Хотелось узнать, тяжело ли, но уже все прицепили лямки, запряглись. Ездовые были в седлах – Сапрыкин на Нероне, Якубович на Идеале, Агейко на Отметке. Дернули разом. Мы и кони. И мы остались у гаубицы, и коренники Сапрыкина с могучими, в полнеба, полушариями крупов, закрывающих от взгляда дорогу, остались, а четверка коней уходила от засевшей гаубицы к зелени на далеком краю поляны, видно, уже на краю острова… Кони наращивали галоп… Их еще в упряжке настегали безжалостно, и сейчас они облегченно уносились, оторвавшись от непосильной тяжести, украв свободу. Украв, украв! Как-то сразу всем нам стало ясно невероятное: Агейко отцепил постромки от гаубицы. Мы видели, как он нахлестывал свою пару коней…

– Стой! – прозвенел над поляной голос Белки.

– Стой! – донеслось, как эхо, оттуда, где молотили глухую землю копыта наших коней.

Это кричал Веня Якубович. Откинувшись, он изо всех сил пытался удержать коней, но Семен не опускал плетки, жег ею бока Отметки и Ласточки, и Вене не сладить было с ним и с конями.

Белка уже вспрыгнул на Ястреба и пустил его вдогонку, но не успел догнать. И хорошо. Свист сверху, из-под самого солнца, перекрыл наши крики и конский топот. Уходящих коней закрыло поднятой из-под их ног тучей, а когда развеялись и дым и темная завеса земли, их не было видно… Вот только что стояли здесь и обмахивались хвостами от болотных мух, а вот…

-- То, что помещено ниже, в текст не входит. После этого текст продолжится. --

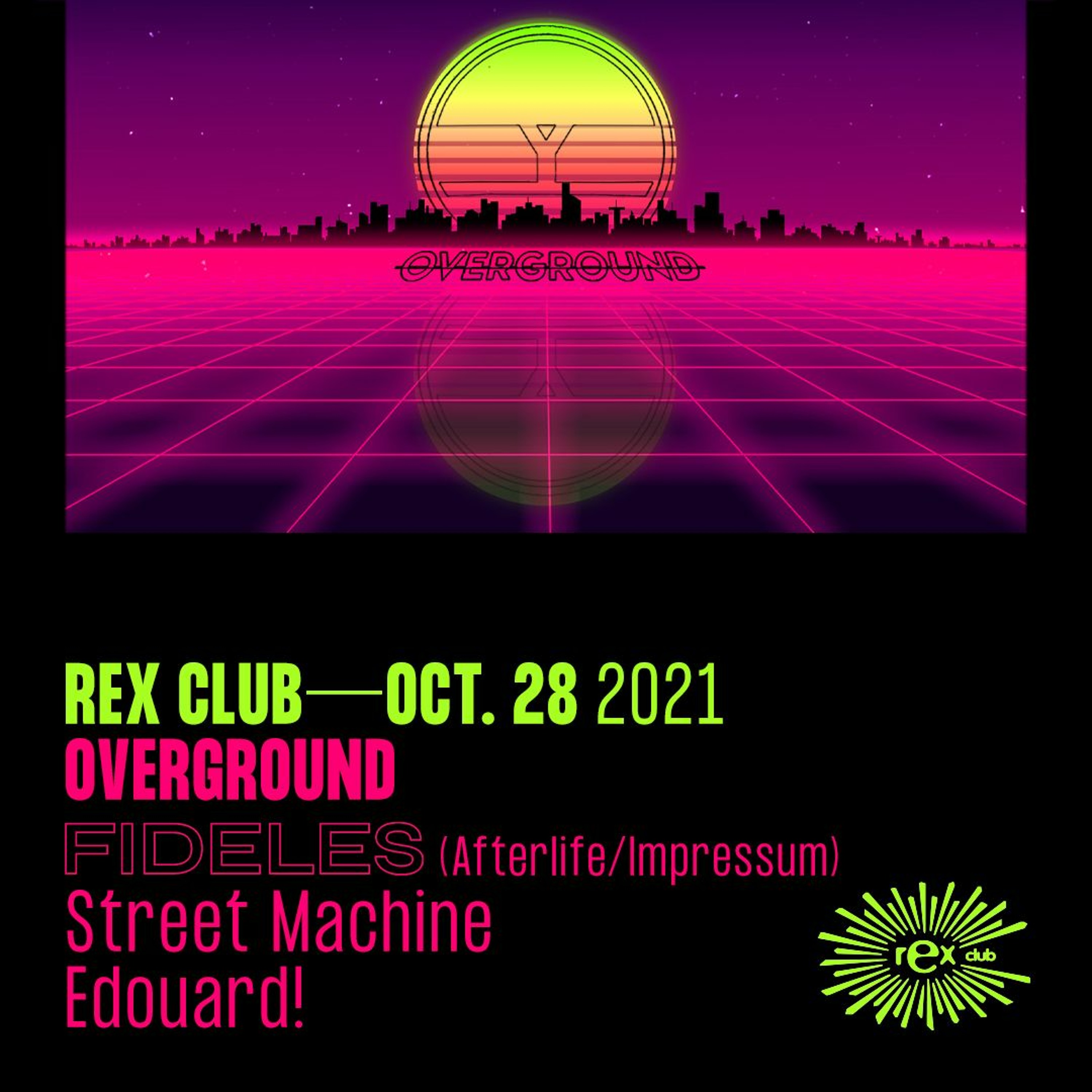 This Thursday Oct. 28th Overground is back at Rex Club with Fideles, Street Machine and Edouard!

Мы все рванулись туда, и в мозгу мешались слова. «Бегство? Нечаянность? Семен? Не может быть!» Мы спешили, падая, забыв о небе, о самолетах, ничего не слыша…

Белка, спрыгнув с Ястреба, уже стоял у ямы, у следа свежего взрыва, у воронки, закиданной кусками конских тел. Со дна ее, выкатив желтый глаз и скаля зубы, на нас смотрела морда Идеала. Мохнатилась среди комьев земли… За воронкой валялась Отметка, приподнимала светлую голову, косилась на нас угасающими глазами и с тонким ржаньем сбрасывала с губ кровавую пену. А мы вынимали из-под нее Агейко и Веню. Как так получилось, что они оказались рядом, под одним конем? Может, Веню выбросило из седла взрывной волной вперед, чтобы он сказал Агейко то, что хотел?

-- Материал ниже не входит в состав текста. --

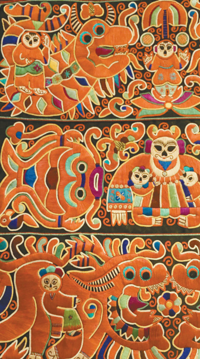 中國的四大名繡早已名揚海內外,精致、雅潔、詩情畫意;苗繡則不然,它以神秘的氣息、樸拙的造型甚至有些萌萌的幽默,一下子開拓了我們的審美視野。
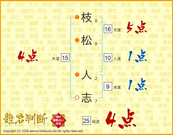 枝松人志さんの総運は25画の4点!
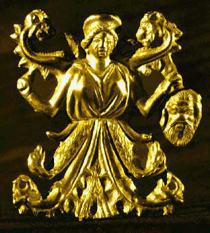 Куль-Оба. Бляшка «Богиня в калафе». 4 в. до н.э. Золото. Богиня с калафом на голове держит в левой руке бородатую маску Силена. Некоторые исследователи считают, что это отрубленная мужская голова. Из плеч богини вырастают шеи рогатых львиноголовых грифонов, а нижняя часть ее тела представлена в виде сложной пальметты с лепестками из змей, птичьих голов и грифонов. Вероятнее всего, это Апи, прародительница скифов, богиня земного и водного начала.
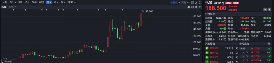 In terms of focus companies, “Token” first stock Xunce (HK03317) surged nearly 30% at one point during the trading session, ultimately closing up over 24%, becoming the biggest focus of the market today. At today’s close, Xunce reached a new high since its listing, with a total market value exceeding 60 billion Hong Kong dollars, and the stock price increased by 290% compared to the issue price.

Теперь они молча лежали рядом, под кустами. Все свои пакеты мы пустили в дело, перевязав их, как могли. Небо очистилось от гула и опять сверкало ясностью, белело облаками. Из кустов медленно начали выползать люди. Старик инвалид выдернул из кармана кисет, посмотрел на нас, обронил поучающе:

– Якщо бежать, то прямо на литак. Вид литака бежать не можна, бомбы догонят. Бомбы вперед летять.

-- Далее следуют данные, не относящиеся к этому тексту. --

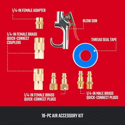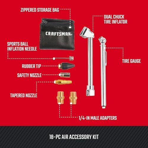 - CRAFTSMAN 18-Piece Air Compressor Accessory Kit, Includes Blow Gun, Tire Inflato
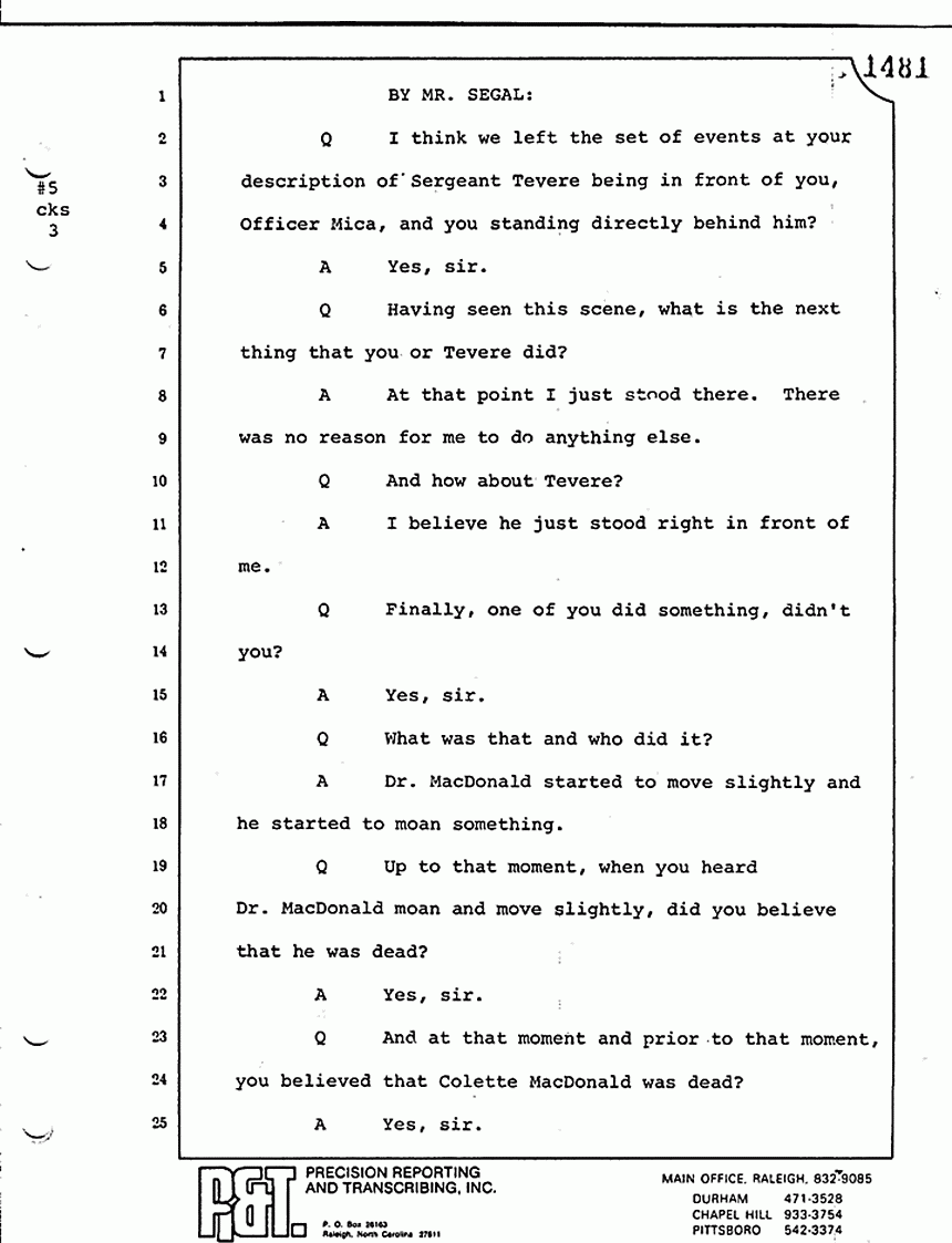 Q Mr. Mica, I believe on both Direct and cross-examination, you stated that when you were in the master bedroom, the Defendant Jeffrey MacDonald indicated that he might go into shock; is that correct?

Женщина какая-то пропела, как проплакала:

– А их-то не научили? У-у!

– Научатся. Он куды пустылы! Тепер покы остановишь та выженешь! – вздохнул старик, пряча кисет, походивший по рукам бойцов нашего расчета. – Война долгая буде.

Белка приподнял голову, спросил старика:

– Ближайшая переправа далеко?

– В Ступкине – якщо вверх. Километров сорок… Там мост, якщо не разбомбылы.

– А пониже?

– Там моста немае. Брод вроде есть… Якщо правду казалы… Я людей разпытував на ходу…

– Якщо! – повторил за ним Белка. – Если, что ли? Если, если…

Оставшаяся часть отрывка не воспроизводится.